На Шаролэ сегодня наряд какого-то зловещего лилового цвета. Желтоватые отсветы ламп придают ей нездоровый вид, очень неприятный.
– Ее зовут Снежинка, – сухо замечаю я. – И для чего называть кошку курносенькой?
Она оставляет кошку в покое и адресует мне принужденную улыбку. Снежинка сваливается со стола на пол и растерянно мяукает.
– Что ж, примите мои поздравления, – мурлычет Шаролэ, отталкивая кошку ногой. – Значит, герцог де Лорагэ. Неплохо, неплохо. Вам поистине везет на влиятельных друзей и близких. – Она бросает взгляд на Марианну и Ришелье, которые вместе смеются чему-то, стоя под портретом Полины.
– Откуда вам известно? – нервно хихикаю я с неприкрытым изумлением.
– Ах, мадемуазель! Я знала об этом еще прежде вас. Во вторник.
Сегодня суббота, а мне Ришелье сообщил об этом только вчера. С тех пор я парю где-то на седьмом небе. Я выхожу замуж!
– Право, не знаю, как его сумела уговорить семья: первая жена его, Женевьева, была редкой красавицей. У нее были совершенно необыкновенные глаза, – продолжает Шаролэ.
Мне на помощь приходит Луиза, которая приносит к столу Снежинку.
– Чудесная новость, чудесная. – Она вся сияет, и я знаю, что она и вправду рада за меня. – Диана выходит замуж и станет герцогиней! Вскоре она будет находиться при дворе постоянно. У ее супруга здесь просторные апартаменты. Очень просторные.
– М-м-м… – Шаролэ бросает неприязненный взгляд на Луизу, потом вновь поворачивается ко мне: – Мы было решили, что этого никогда не случится. Не знаю ни единой живой души, которая впервые выходила бы замуж в двадцать восемь лет. Это ведь уже старость. Будем надеяться, что там все наглухо не заросло, – добавляет она еле слышным шепотом и выскальзывает из покоя.

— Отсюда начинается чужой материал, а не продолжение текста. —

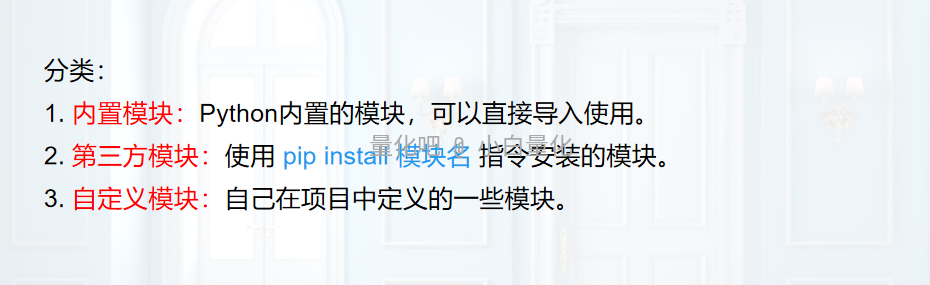 内置模块是Python自带的模块,可以直接导入使用。例如:os、copy、math、random、decimal等模块。
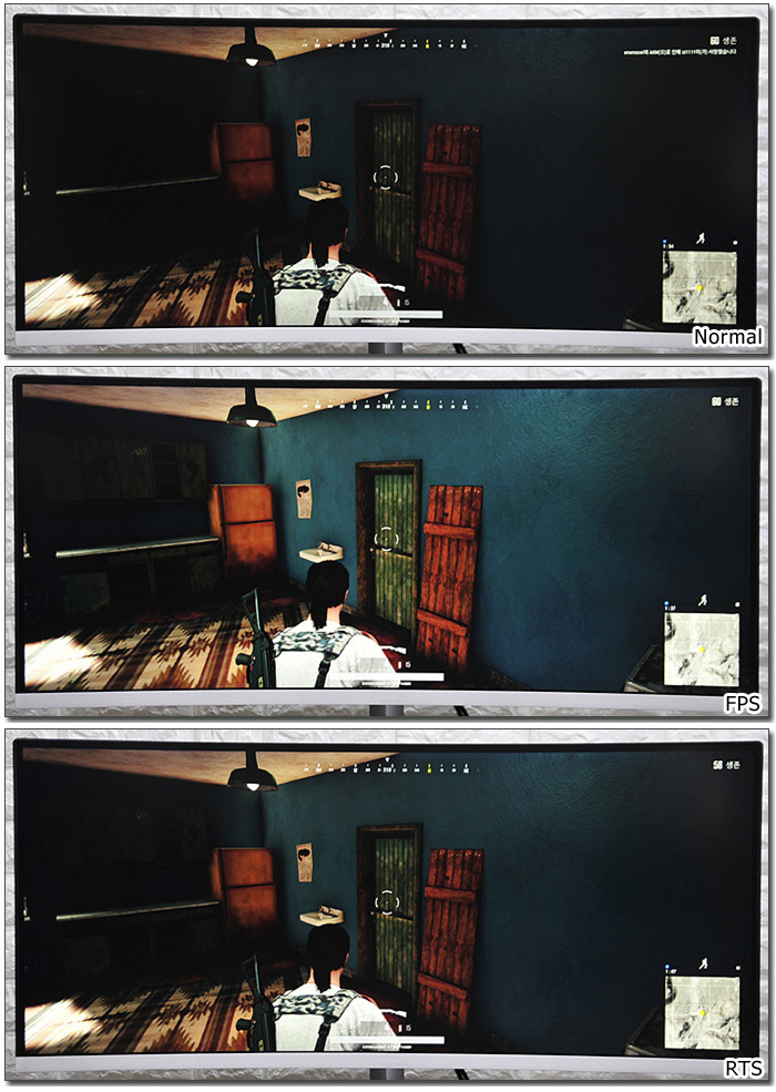300cd/m2 의 높은 밝기를 지원해 대부분의 게임 환경에서 밝은 영상을 즐길 수 있으며 사진과 같이 FPS 와 RTS 모드를 지원해 실내나 야간맵에서도 확연한 구분감을 경험할 수 있다.
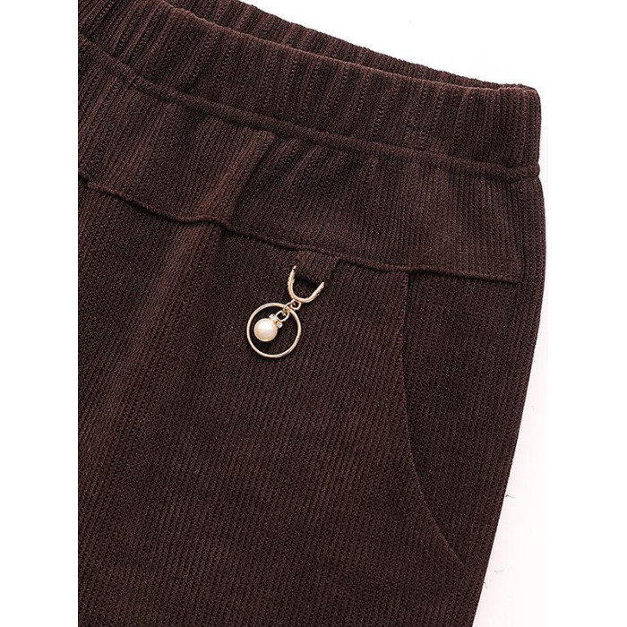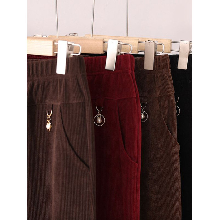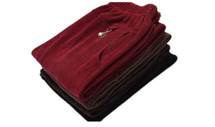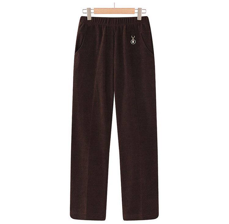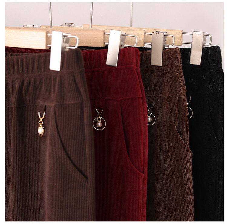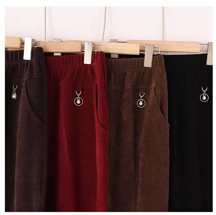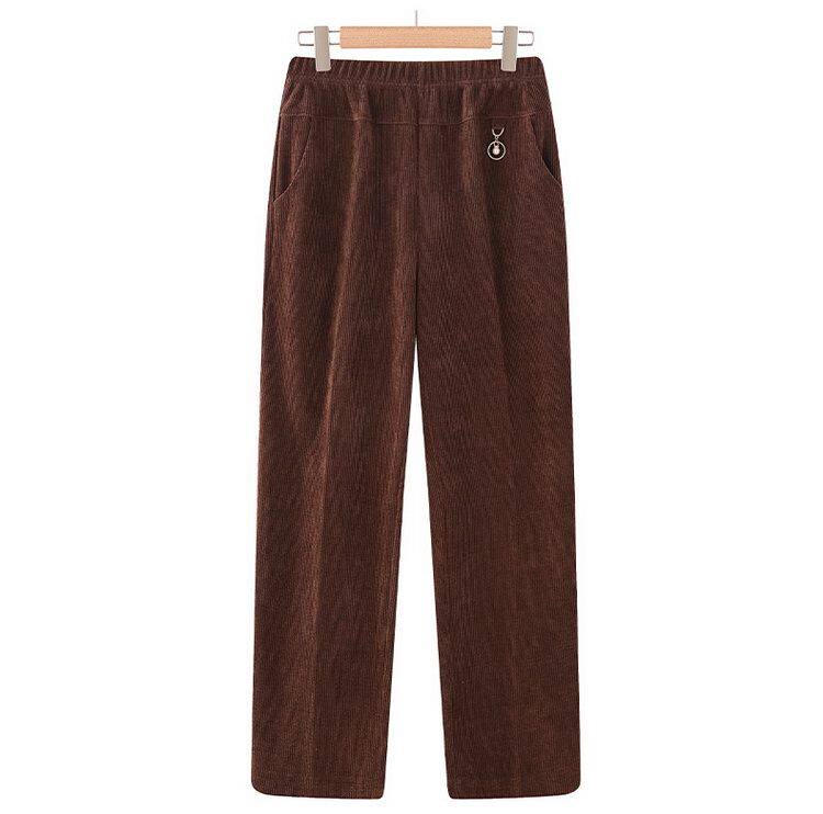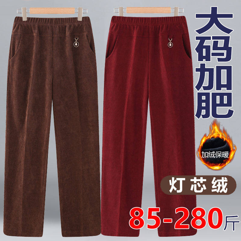 200斤秋冬胖媽媽加絨燈芯絨女褲子加肥加大碼高腰春秋中年條絨褲
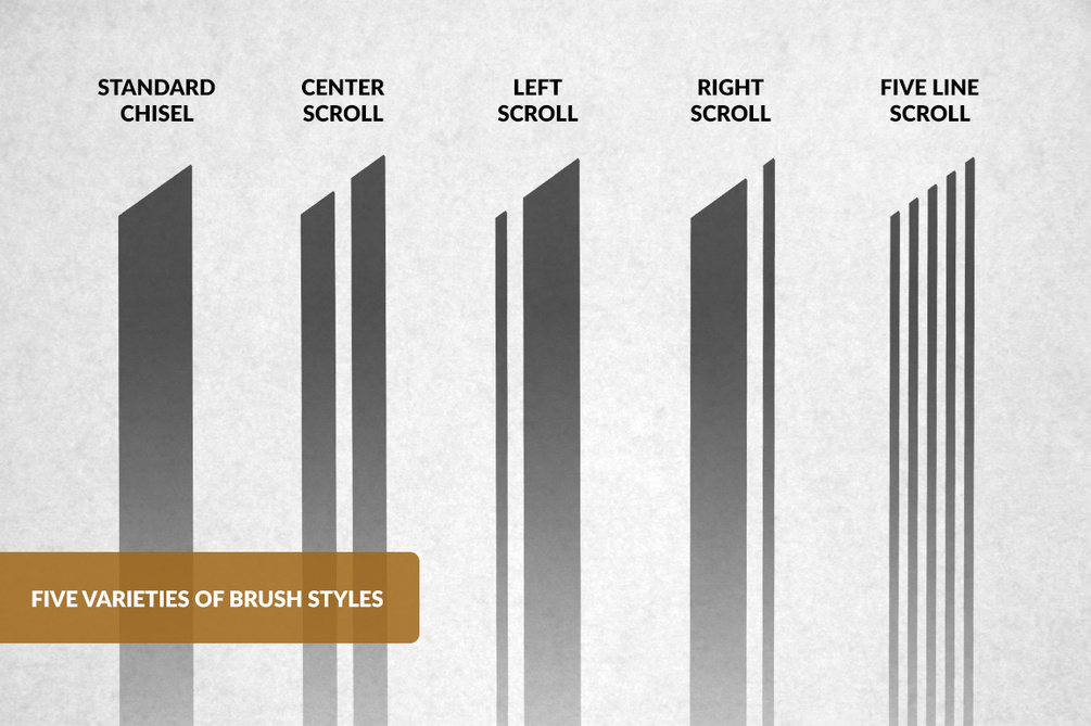 • Linear Scroll Blackletter Brush: A flat pen comprised of 5 striped lines in 3 angles (35º, 40º, and 45º).
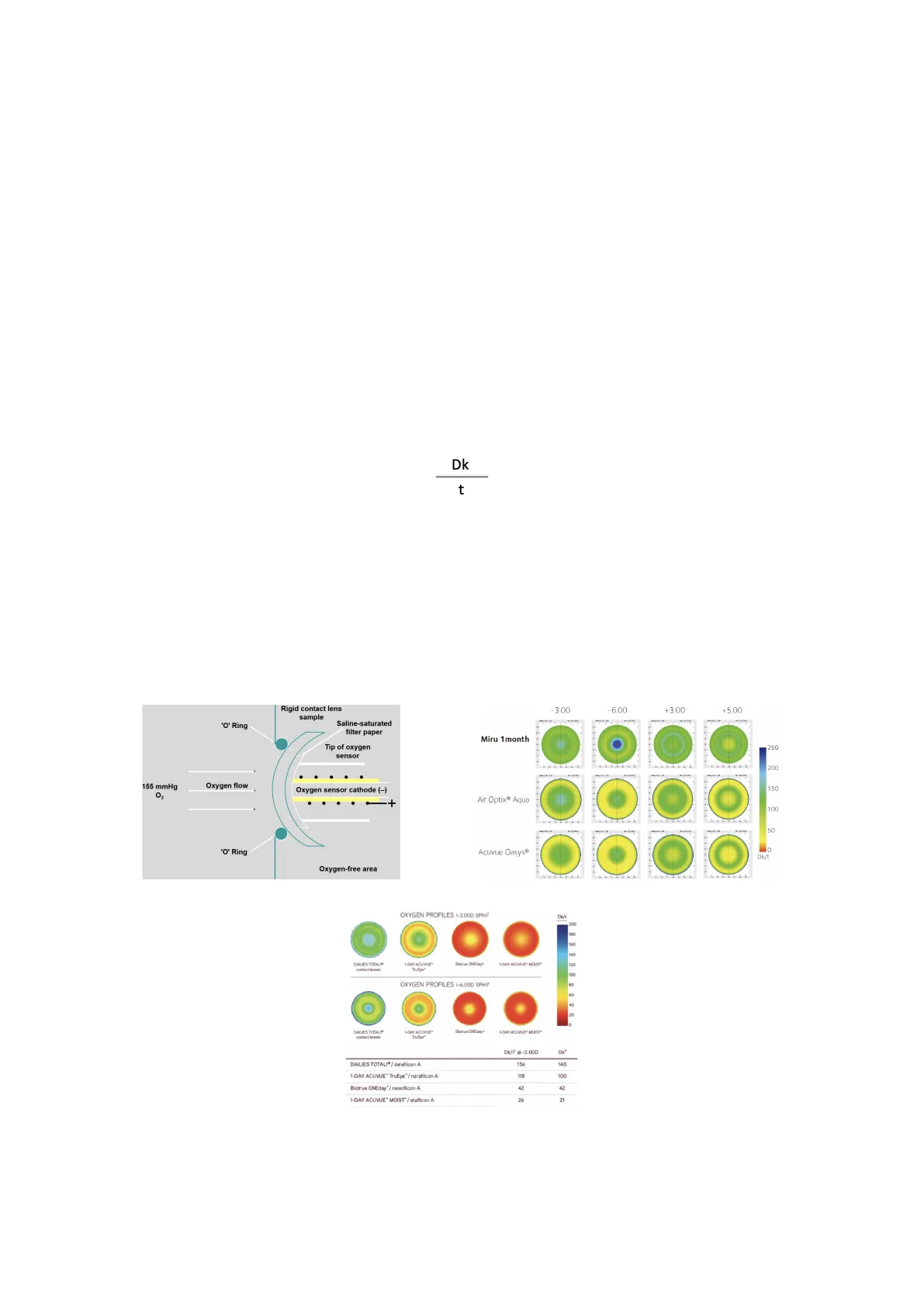 b. OXYGEN TRANSMISSIBILITY (Dk/t) Dk t t is thickness, and may be considered central thickness of the CL or average thickness (then it is known by L: Dk/L). Commonly measured for a -3.00 D lens. e.g .: Dk/t=8.9x10-9 (cm/s) (ml O2/ml x mmHg) @ 25℃ Lab measurement:

– Не обращай внимания, Диана. – Луиза ласково сжимает мне локоть, и я ей улыбаюсь.
Вижу, что Луиза нервничает, но не пойму отчего. Всю эту неделю она была сама не своя и спала с лица. Говорит, что это от скуки, – она ведь теперь больше не прислуживает королеве. Луиза обмахивается веером и наблюдает за Марианной и Ришелье. Под глазами у нее черные круги, которые она пыталась замаскировать пудрой, но пудра не слишком помогла.

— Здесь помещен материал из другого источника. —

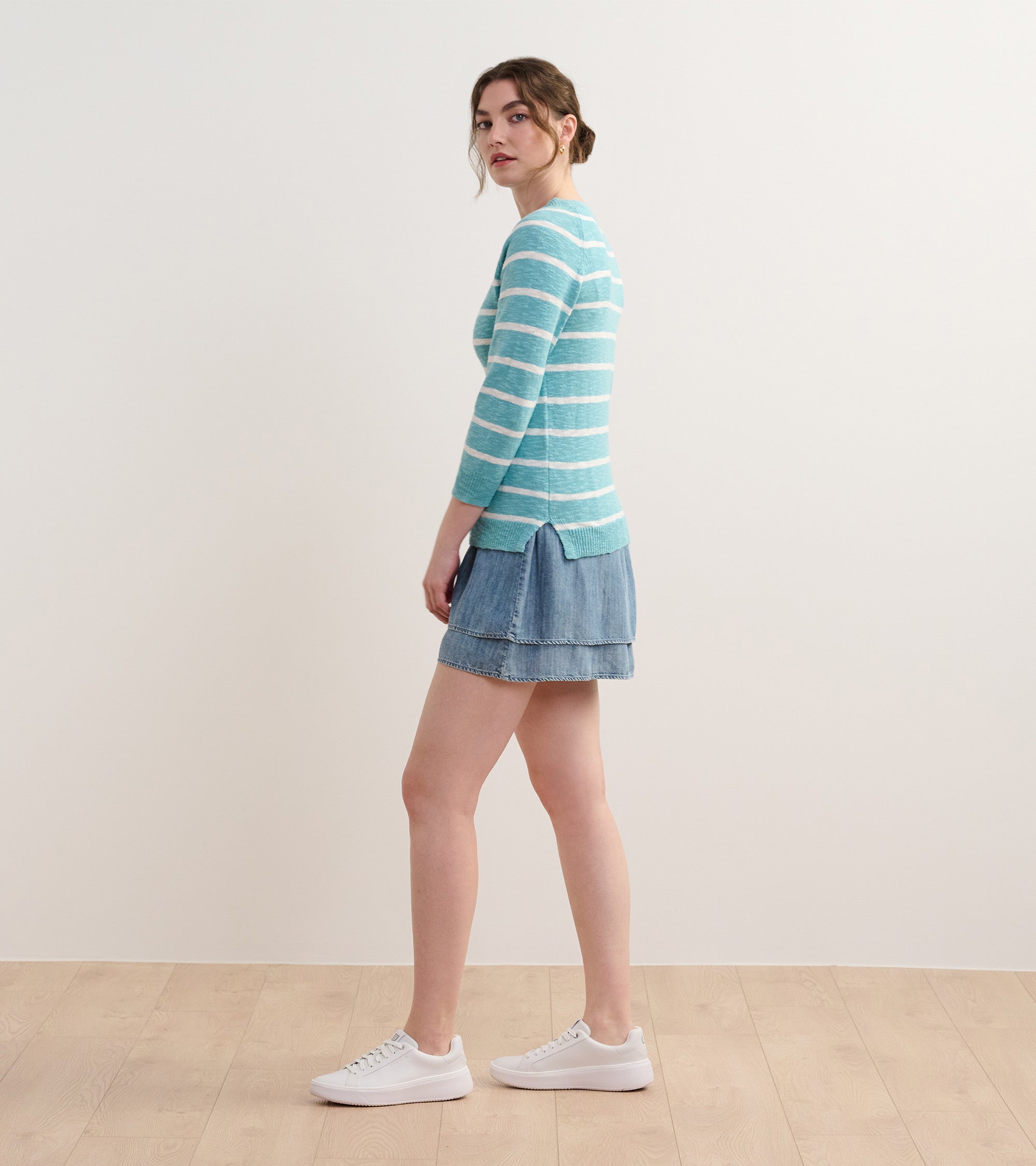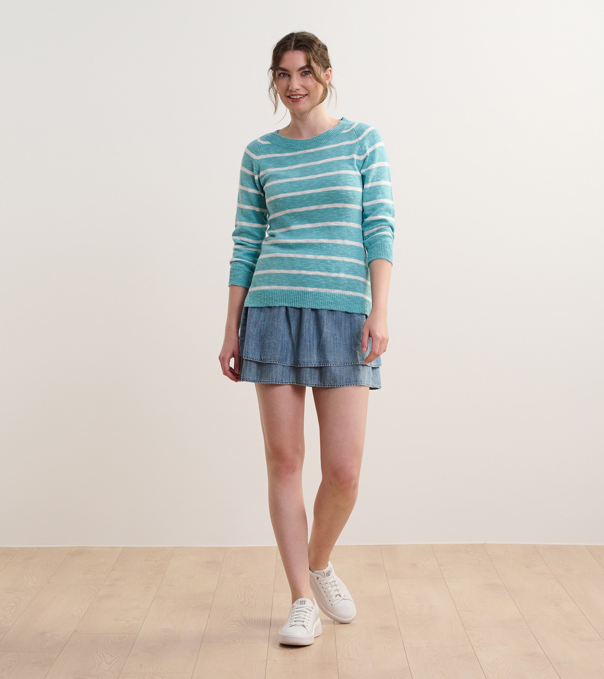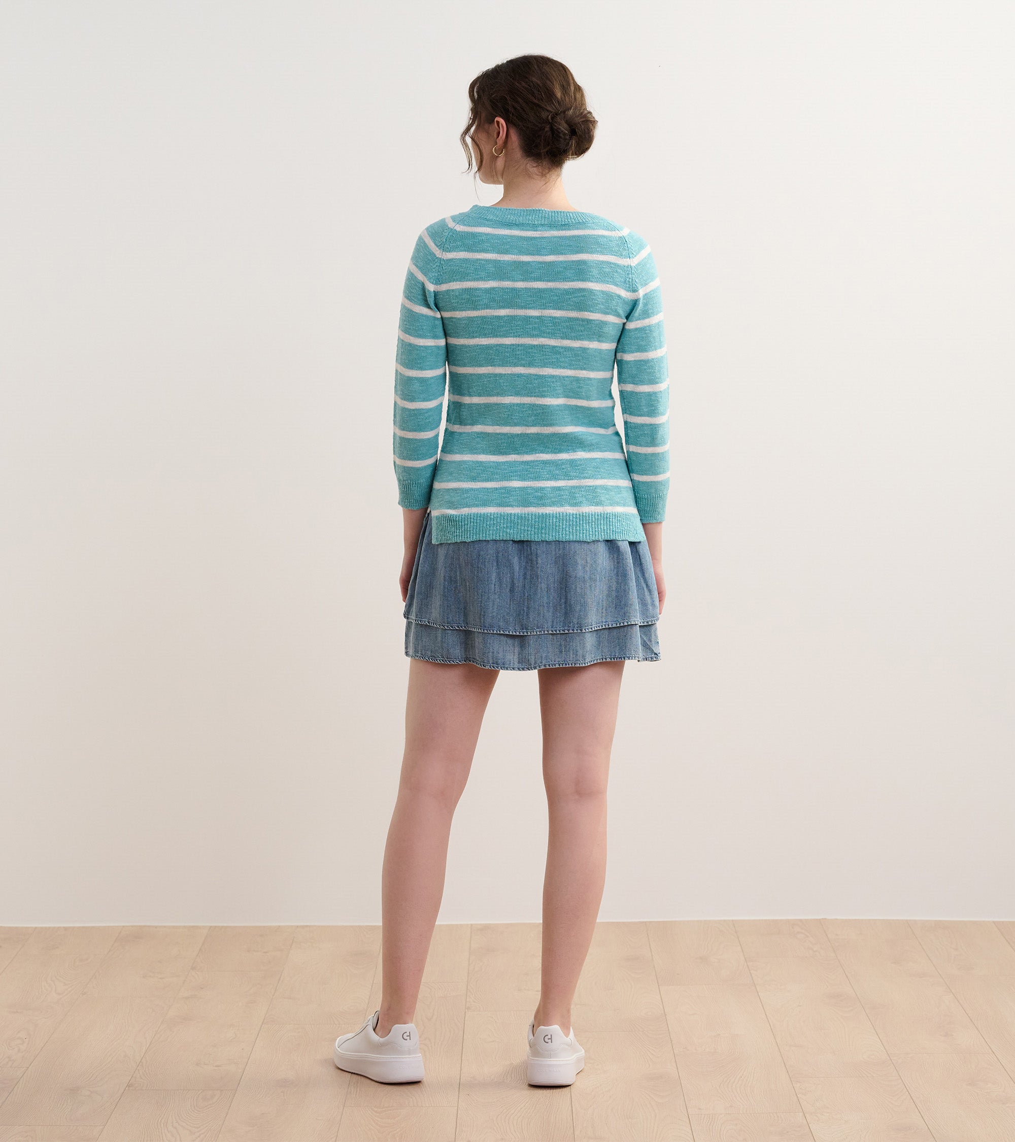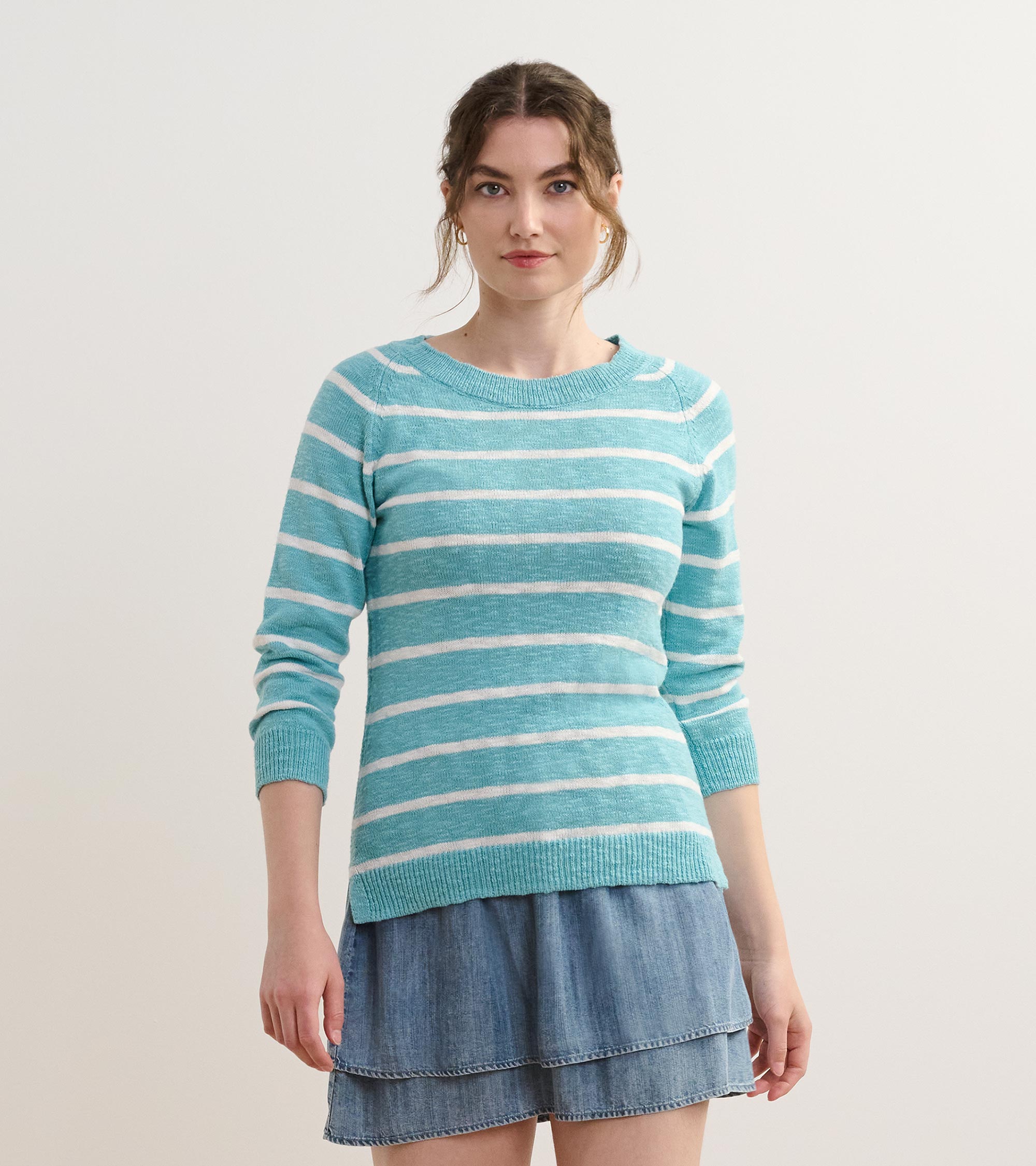 The Mariner Sweater in Aruba Blue Stripes is a vibrant take on a classic favorite. Made from 100% cotton, it’s designed to keep you comfortable and stylish. The bright blue color and versatile fit make it perfect for layering or wearing solo. Pair it with jeans or shorts for a casual, chic look.

Гортензия удобно расположилась в кресле и довольно улыбается. На ней свободное платье серого цвета, которое стекает с нее, как настоящая река из шифона. Она на последнем месяце беременности, но выглядит еще красивее, чем прежде. Румянами она не пользуется, и все же щеки у нее очень румяные. Остальные дамы, даже Марианна, на ее фоне кажутся бледными, и я заметила, что Шаролэ старается держаться подальше от Гортензии. Гортензии очень нравится придворная жизнь, и время от времени сестра провозглашает, что даже такая красавица, как она, не может не быть благочестивой в этих стенах. Звучит не очень-то скромно (мадам Ледиг неизменно говорит, что павлинье тщеславие – большой грех в глазах Господа), но я уверена, что Гортензия вполне права.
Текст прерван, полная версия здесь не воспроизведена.